■ EXERCISE GOAL:
Pictures do not belong in the copy, so please give every entry below again exactly.

[Collection entries]
============================================================
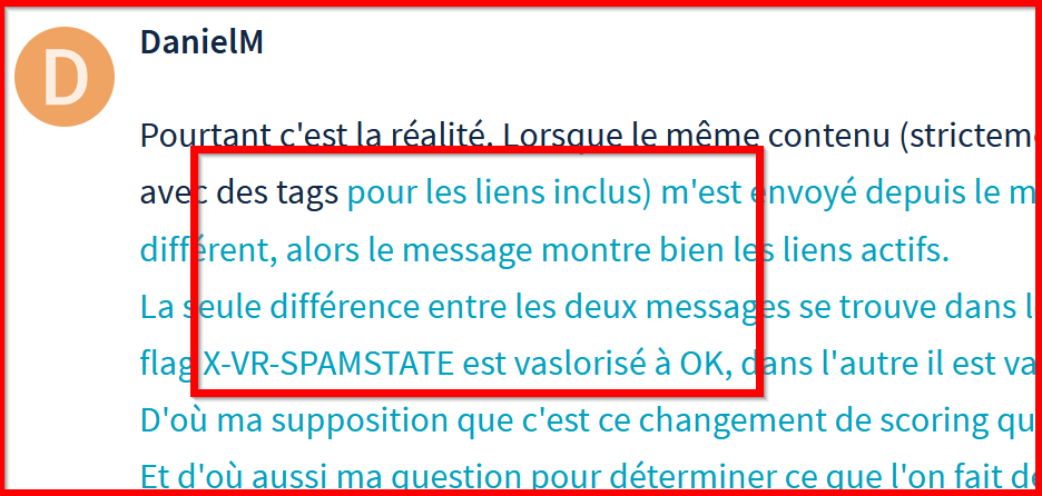 Je reçois un mail dont les liens ont été désactivés et rendus non-cliquables, visiblement à cause de ce flag X-VR-SPAMSTATE: ACCOUNT (seule différence avec le mail suivant).
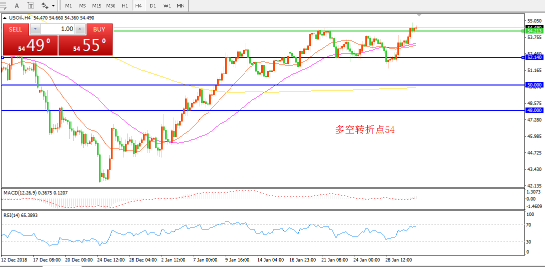 4小时图看,油价在52-54美元整理后, 昨日强势突破,日内重点关注54美元一线得失。均线系统走平, MACD红柱增加,反弹概率较大。
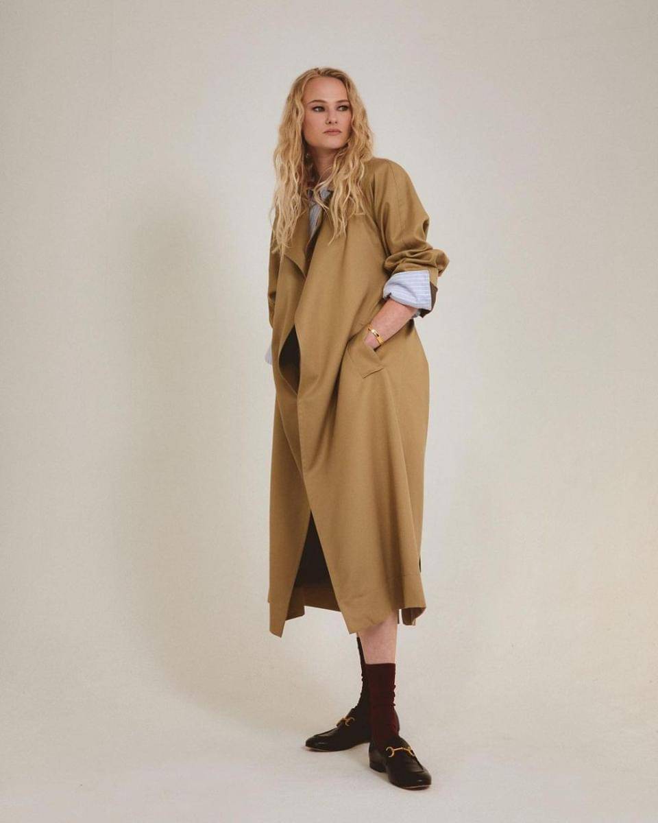 7. OOTD ke kantor, pakai shirt dan midi skirt lalu balut dengan coat. Pakai juga gelang, kaos kaki, dan sepatu loafers
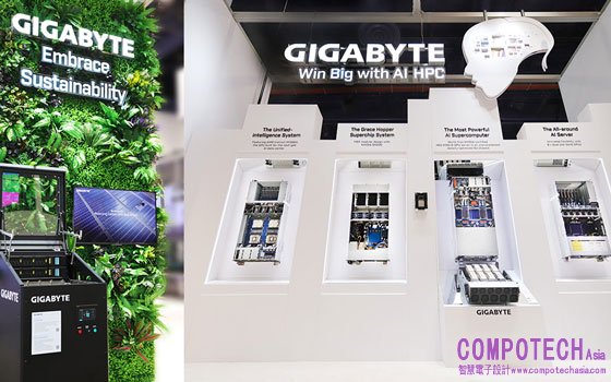 技嘉率同子公司技鋼科技Giga Computing展出四台頂級規格的AI伺服器。其中,備受矚目的新款AI伺服器G383-R80支援AMD Instinct™ MI300A APU,採用CPU與GPU共享128GB HBM3高頻寬記憶體的晶片設計,實現大幅躍進的資料傳輸效率,可在大型AI模型運算、即時大數據分析、金融交易和電信等領域發揮卓越的運算力。
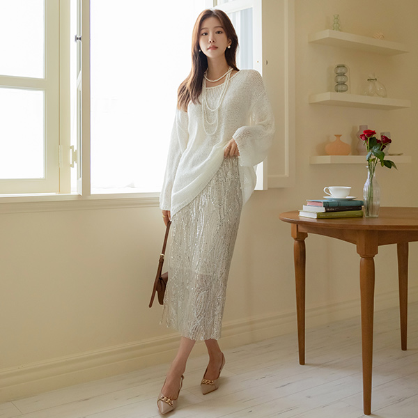 すらっと見える オーバーフィット ロング ニット
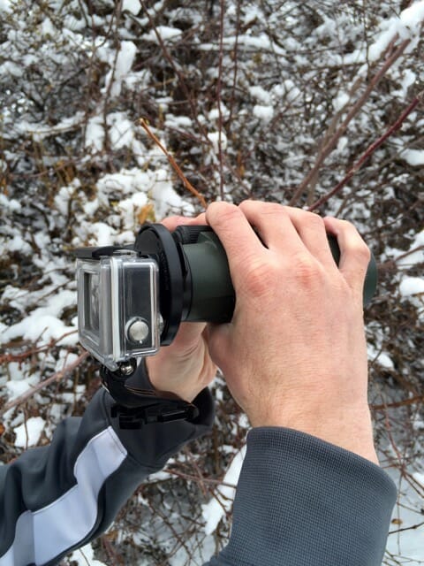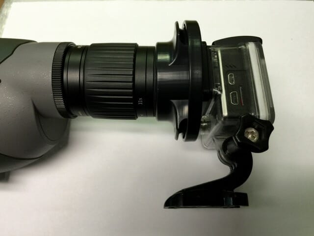 Digiscope with your GoPro Hero 3+ or 4. This adapter plate slides over the original GoPro housing cutout using a friction-fit design. Pair it with your Phone Skope optic adapter (sold separately) to start filming through your optics.
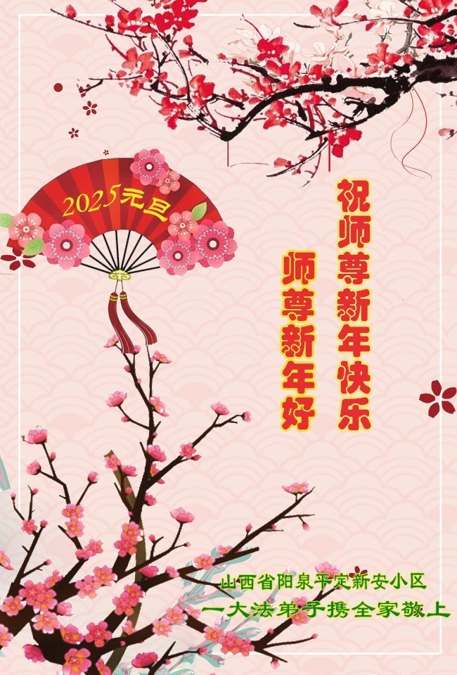 【明慧网二零二四年十二月二十七日】 山西省阳泉市平定县东升鑫阳小区大法弟子恭祝师尊新年快乐!
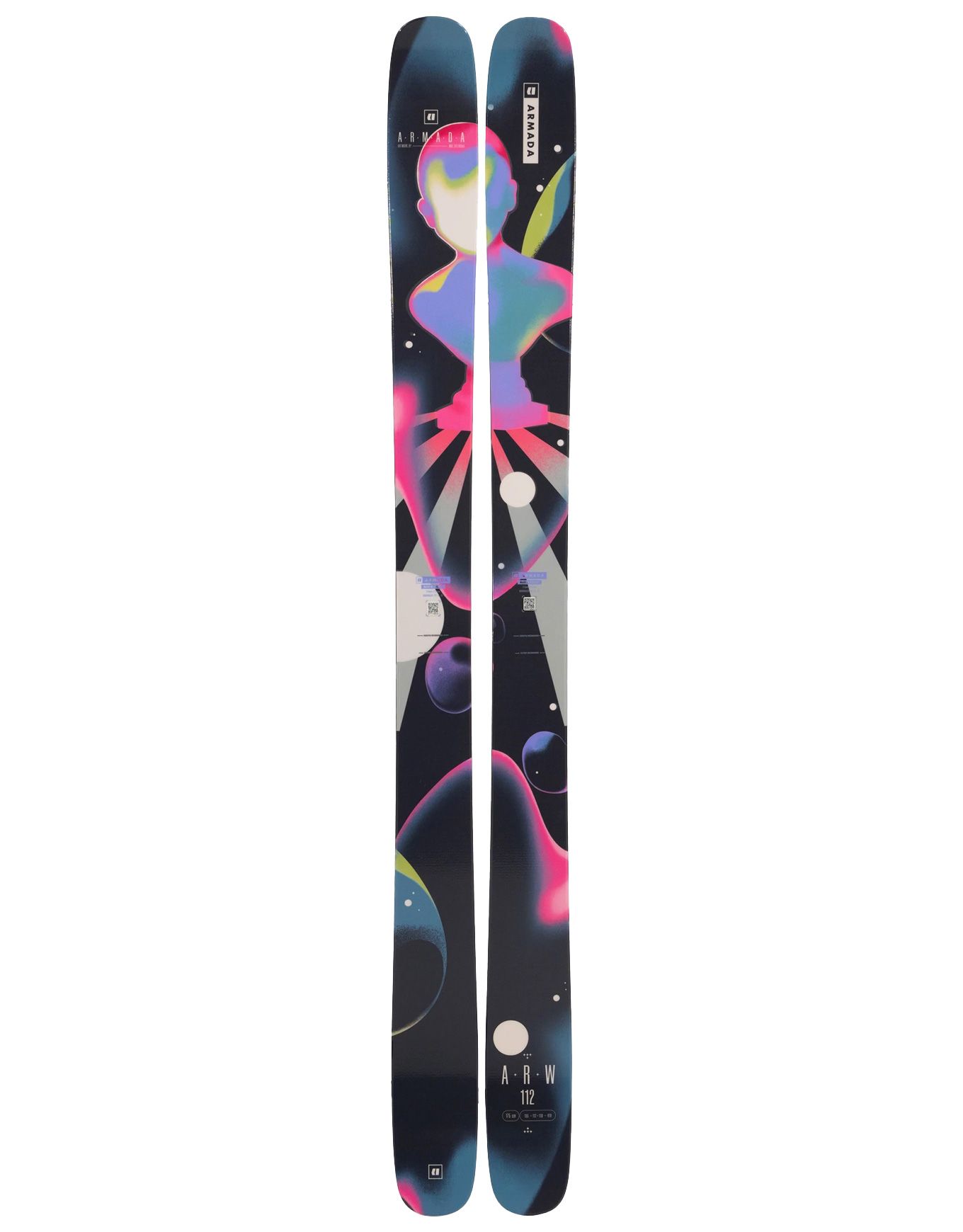 Armada ARW 112 2025, ski backcountry freestyle unisexe, 112 mm au patin pour polyvalence park/poudreuse, noyau Caruba ultra-léger, carres 2,5 mm et chants 3D W3DGEWALL pour solidité accrue, double rocker S7 vif et dynamique sur toute neige.
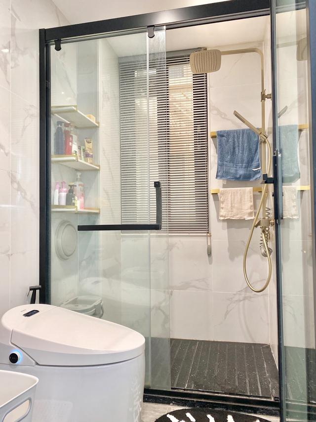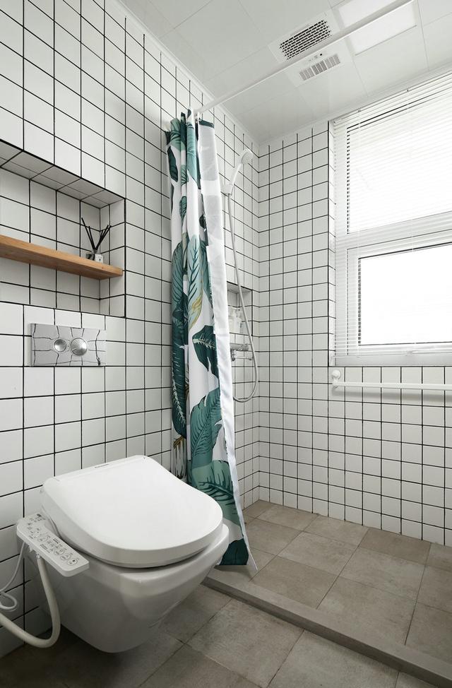 在淋浴区内部,可以再用浴帘和挡水条的搭配,增加干湿分离的效果,也方便开合和清洁。这种设计既能保证卫生间的通透感,又能有效地隔绝水汽,让卫生间更干爽舒适。
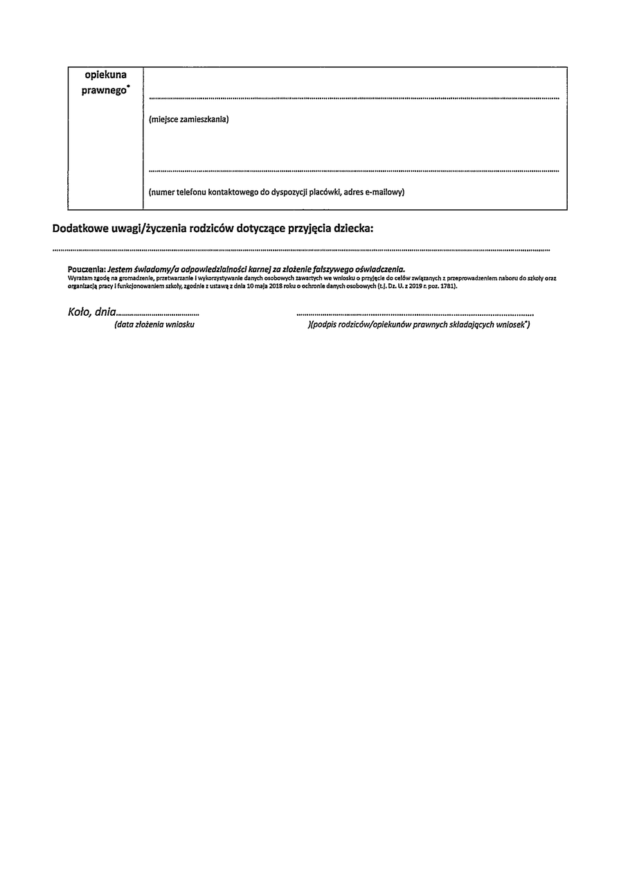 Pobierz - Wniosek o przyjęcie dziecka do szkoły podstawowej nr 3 w Kole
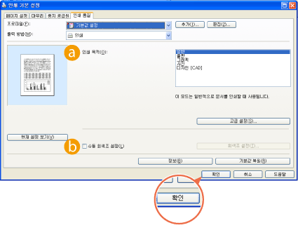각 시트에서 설정을 지정한 후에는 [확인]을 클릭하여 [인쇄] 창으로 돌아갑니다.
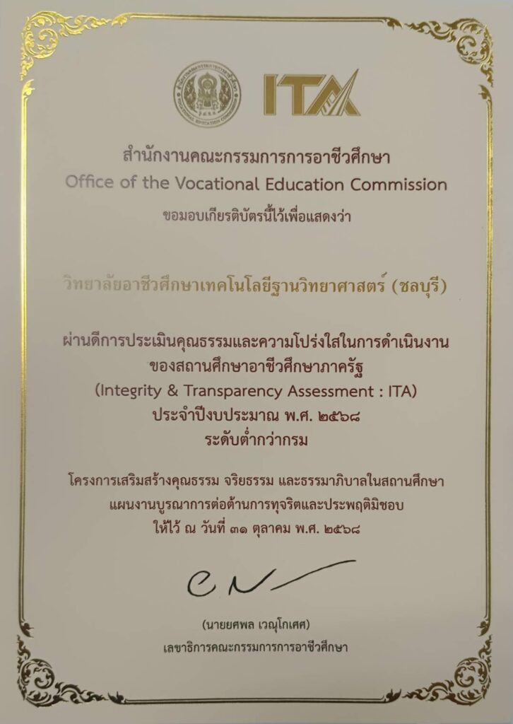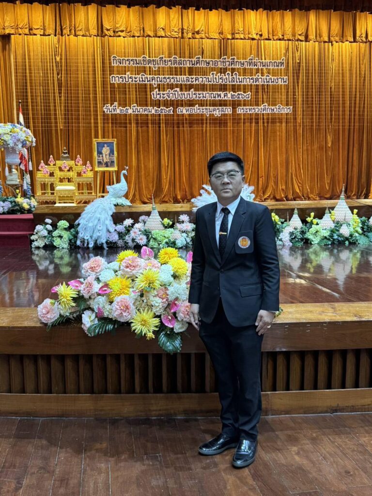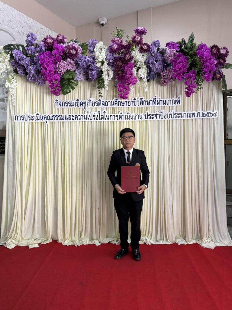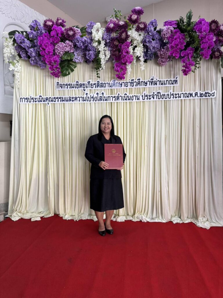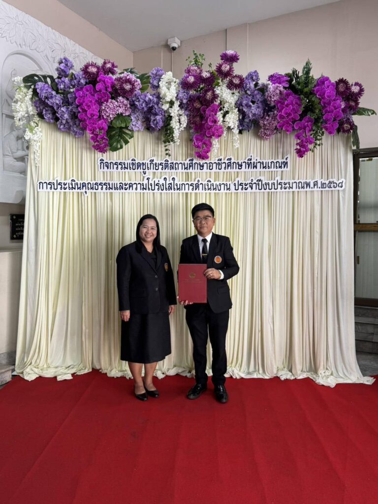 ผู้อำนวยการเข้ารับเกียรติติบัตรเชิดชูเกียรติในกิจกรรมเชิดชูเกียรติสถานศึกษาอาชีวศึกษาที่ผ่านเกณฑ์การประเมินคุณธรรมและความโปร่งใสในการดำเนินงานประจำปีงบประมาณ 2568
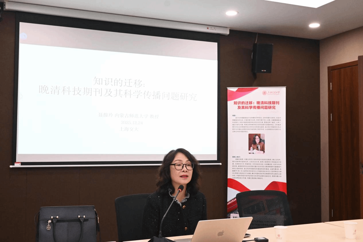 2025年12月24日上午,电影天堂 邀请内蒙古师范大学科学技术史研究院聂馥玲教授,在电影天堂 A400会议室作题为“知识的迁移:晚清科技期刊及其科学传播问题研究”的讲座。讲座由萨日娜教授主持,电影天堂 教师及硕博士研究生参加。
============================================================
■ REPLY TO THE TASK:
 Je reçois un mail dont les liens ont été désactivés et rendus non-cliquables, visiblement à cause de ce flag X-VR-SPAMSTATE: ACCOUNT (seule différence avec le mail suivant).
 4小时图看,油价在52-54美元整理后, 昨日强势突破,日内重点关注54美元一线得失。均线系统走平, MACD红柱增加,反弹概率较大。
 7. OOTD ke kantor, pakai shirt dan midi skirt lalu balut dengan coat. Pakai juga gelang, kaos kaki, dan sepatu loafers
 技嘉率同子公司技鋼科技Giga Computing展出四台頂級規格的AI伺服器。其中,備受矚目的新款AI伺服器G383-R80支援AMD Instinct™ MI300A APU,採用CPU與GPU共享128GB HBM3高頻寬記憶體的晶片設計,實現大幅躍進的資料傳輸效率,可在大型AI模型運算、即時大數據分析、金融交易和電信等領域發揮卓越的運算力。
 すらっと見える オーバーフィット ロング ニット
 Digiscope with your GoPro Hero 3+ or 4. This adapter plate slides over the original GoPro housing cutout using a friction-fit design. Pair it with your Phone Skope optic adapter (sold separately) to start filming through your optics.
 【明慧网二零二四年十二月二十七日】 山西省阳泉市平定县东升鑫阳小区大法弟子恭祝师尊新年快乐!
 Armada ARW 112 2025, ski backcountry freestyle unisexe, 112 mm au patin pour polyvalence park/poudreuse, noyau Caruba ultra-léger, carres 2,5 mm et chants 3D W3DGEWALL pour solidité accrue, double rocker S7 vif et dynamique sur toute neige.
 在淋浴区内部,可以再用浴帘和挡水条的搭配,增加干湿分离的效果,也方便开合和清洁。这种设计既能保证卫生间的通透感,又能有效地隔绝水汽,让卫生间更干爽舒适。
 Pobierz - Wniosek o przyjęcie dziecka do szkoły podstawowej nr 3 w Kole
각 시트에서 설정을 지정한 후에는 [확인]을 클릭하여 [인쇄] 창으로 돌아갑니다.
 ผู้อำนวยการเข้ารับเกียรติติบัตรเชิดชูเกียรติในกิจกรรมเชิดชูเกียรติสถานศึกษาอาชีวศึกษาที่ผ่านเกณฑ์การประเมินคุณธรรมและความโปร่งใสในการดำเนินงานประจำปีงบประมาณ 2568
 2025年12月24日上午,电影天堂 邀请内蒙古师范大学科学技术史研究院聂馥玲教授,在电影天堂 A400会议室作题为“知识的迁移:晚清科技期刊及其科学传播问题研究”的讲座。讲座由萨日娜教授主持,电影天堂 教师及硕博士研究生参加。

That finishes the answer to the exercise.